■ Exercise objective
Include the line containing "Download our 16k+" and all lines before it, repeated exactly from the listing below, without pictures.

■ Data below
========================================================================

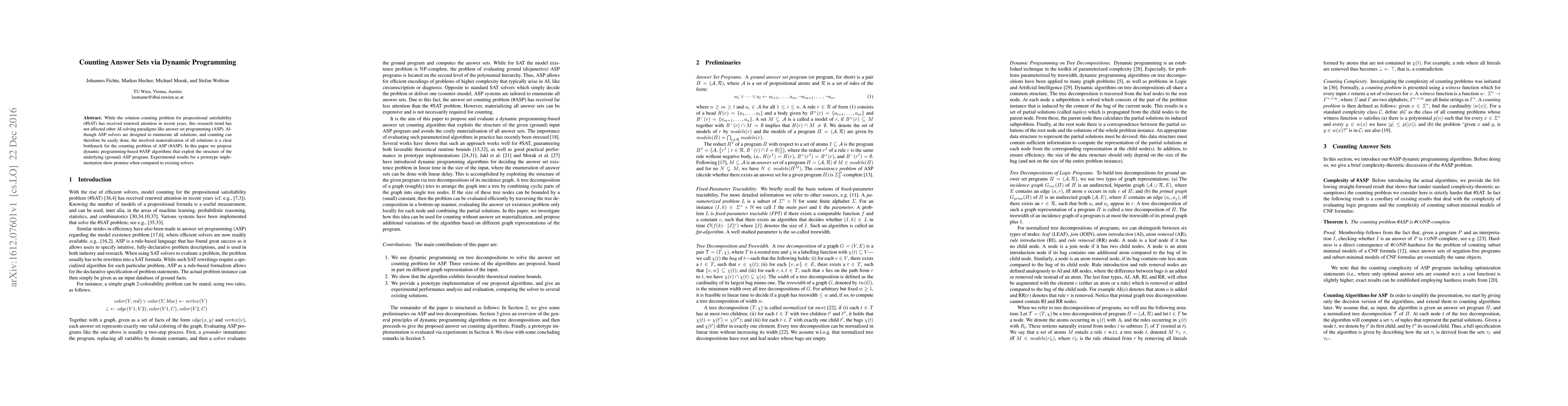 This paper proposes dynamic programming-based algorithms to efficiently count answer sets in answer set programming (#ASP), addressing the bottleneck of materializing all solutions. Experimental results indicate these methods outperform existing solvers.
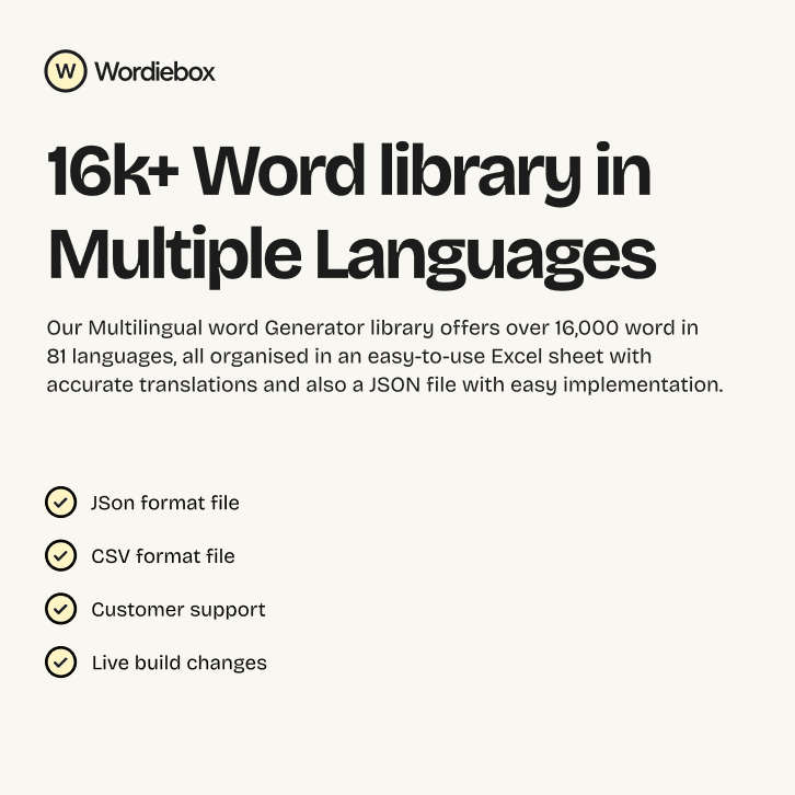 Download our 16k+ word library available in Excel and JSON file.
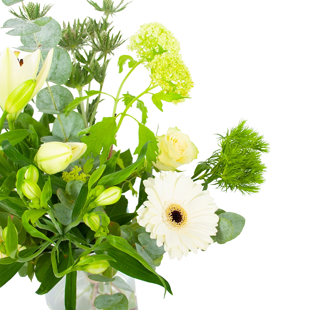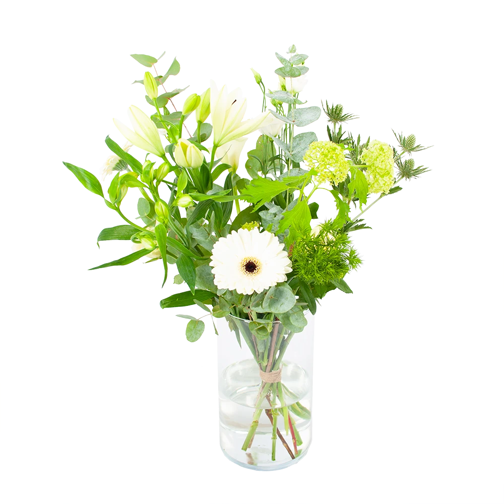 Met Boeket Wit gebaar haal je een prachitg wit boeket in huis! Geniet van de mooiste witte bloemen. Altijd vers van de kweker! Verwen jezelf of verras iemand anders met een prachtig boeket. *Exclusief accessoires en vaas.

========================================================================

■ Written solution
 This paper proposes dynamic programming-based algorithms to efficiently count answer sets in answer set programming (#ASP), addressing the bottleneck of materializing all solutions. Experimental results indicate these methods outperform existing solvers.
 Download our 16k+ word library available in Excel and JSON file.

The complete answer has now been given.